Help Solve Part (b) of M1 Question | Cathy

[CathyLou]

Hi.

Could someone please help me to do part (b) of the following question? I would really appreciate any help as I am really stuck.

A boy is walking at a constant speed of 1.8 m/s along a straight road. He passes a telephone booth where his sister is making a telephone call. His sister takes 30 s to complete the call and then sets off in pursuit of the boy. She accelerates uniformly from rest at 3 m/s^2 until she is running at a speed of 9 m/s. She maintains this constant speed until she reaches her brother.

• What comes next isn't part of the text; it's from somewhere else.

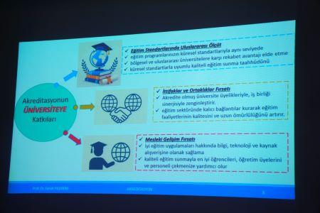 Professor Faruk Yıldırım daxili keyfiyyət təminatı, strateji planlaşdırma, davamlı təkmilləşdirmə və təsdiqyönlü idarəetmənin akademik bölmələrin beynəlxalq vizyonunun formalaşmasında əhəmiyyətini xüsusi vurğulayıb. Akkreditasiyanın yalnız qiymətləndirmə deyil, həm də institusional inkişaf və akademik mədəniyyətin formalaşmasına xidmət edən davamlı proses olduğu bildirilib.

(a) On the same diagram sketch the speed-time graphs for the boy and his sister.

I did this part.

(b) Calculate the time taken by the girl to reach her brother.

Thank you.

Cathy

 

[malawi_glenn]

What have you tried so far?

I'll give you a hint: what does the area of the speed-time graph represent?

 

[CathyLou]

What have you tried so far?

I'll give you a hint: what does the area of the speed-time graph represent?

Thanks for replying.

It represents the distance travelled.

Cathy

 

[malawi_glenn]

So what is meant by "girl to reach her brother" ?
Well it means that they have traveled same distance, i.e find the value of time t, when the area of girl = area of boy. Do you know how to go from lines on a graph to functions and do integration?

I have no time to draw pictures and so on, I am quite sure that you know how this works.

If not, just use the fact that the boy will have area: 1.8*t and the find the time for the girl to reach 9 m/s with the acceleration given and then just continue.

 

[CathyLou]

So what is meant by "girl to reach her brother" ?
Well it means that they have traveled same distance, i.e find the value of time t, when the area of girl = area of boy. Do you know how to go from lines on a graph to functions and do integration?

I have no time to draw pictures and so on, I am quite sure that you know how this works.

If not, just use the fact that the boy will have area: 1.8*t and the find the time for the girl to reach 9 m/s with the acceleration given and then just continue.

Thanks so much for your help!

Cathy